> Task to complete: Skip the pictures and restate, word for word, the lines from the one containing "Carmen-bluse rød- og hvidternet, sløjfebånd" to the end of the data below.

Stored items
============

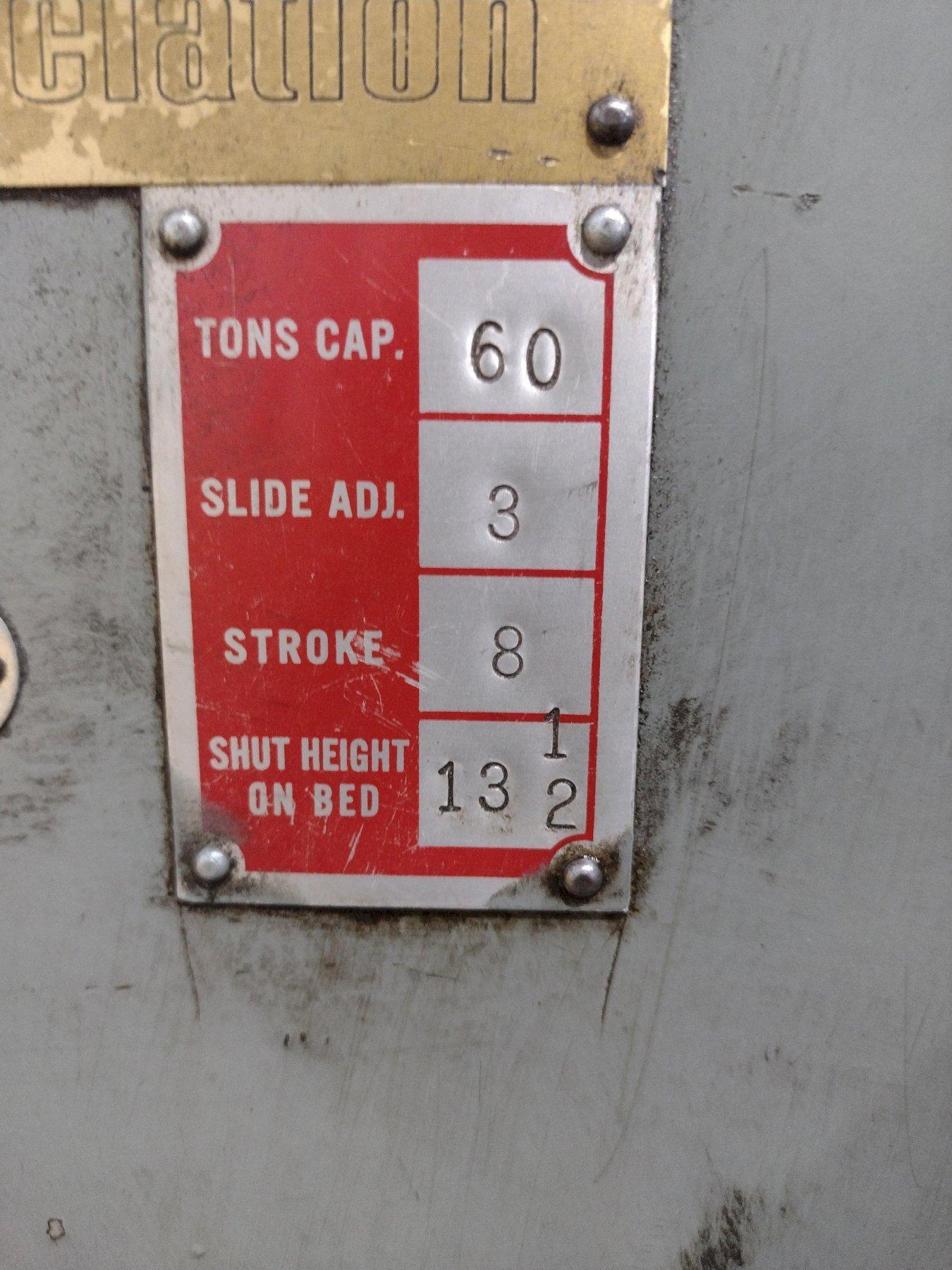 60 TON BLISS MODEL #C-60 OBI STAMPING PUNCH PRESS 8" STROKE: STOCK #23462
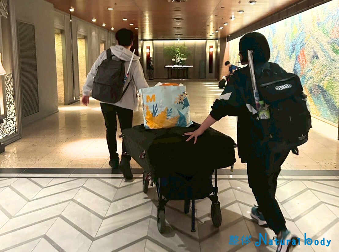 1日目は相模原ステージを見学後、選手が滞在する都内ホテルにて、専属ケアラー安見氏のもとで業務を補助。
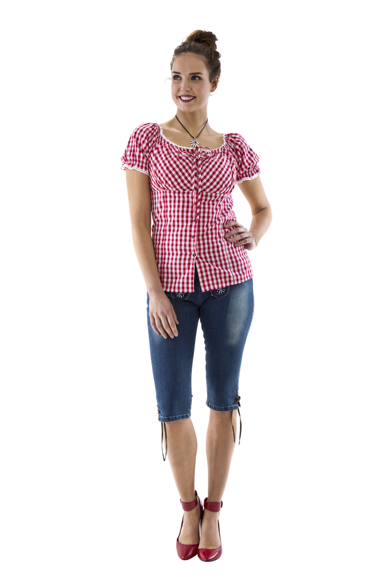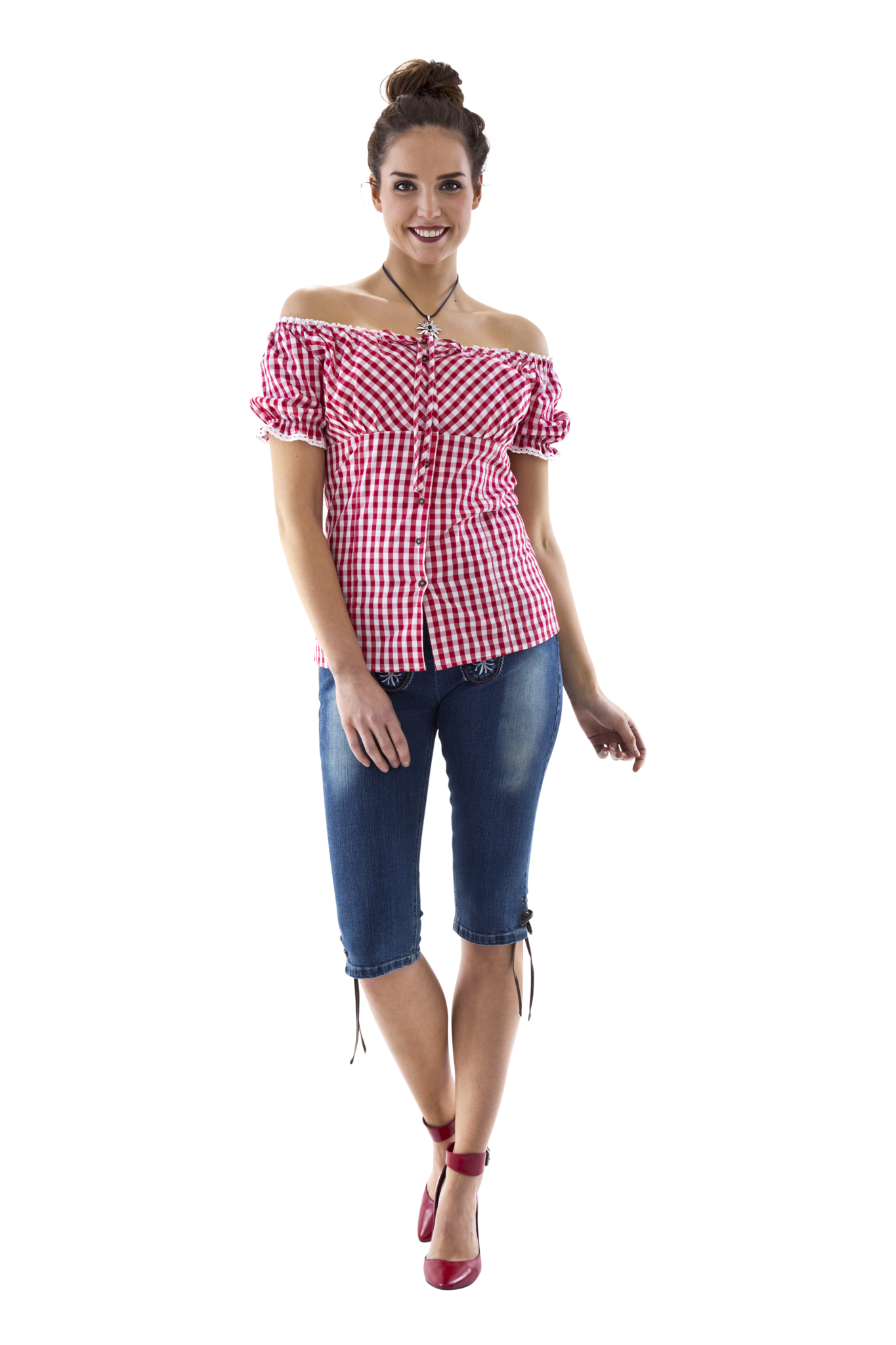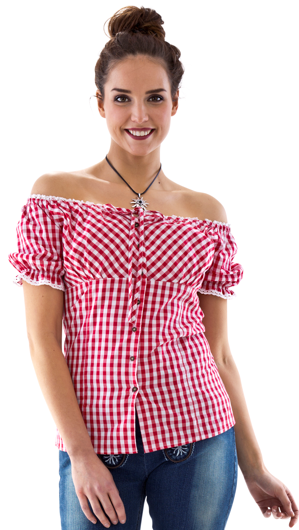 Carmen-bluse rød- og hvidternet, sløjfebånd
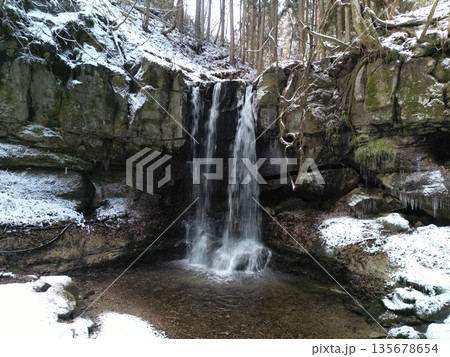 小僧不動の滝の雪景色 VR写真
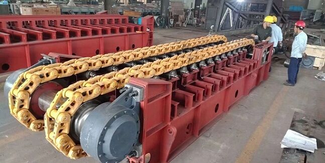 由于板喂機是通過鏈輪、鏈條、鏈板、傳動等一系列全鋼結(jié)構(gòu)的剛性機架將物料拖出庫底的。所有的料倉壓力由板式給料機承擔(dān),避免的由于料倉壓力過大把皮帶秤壓壞現(xiàn)象。

============

> Task result:
 Carmen-bluse rød- og hvidternet, sløjfebånd
 小僧不動の滝の雪景色 VR写真
 由于板喂機是通過鏈輪、鏈條、鏈板、傳動等一系列全鋼結(jié)構(gòu)的剛性機架將物料拖出庫底的。所有的料倉壓力由板式給料機承擔(dān),避免的由于料倉壓力過大把皮帶秤壓壞現(xiàn)象。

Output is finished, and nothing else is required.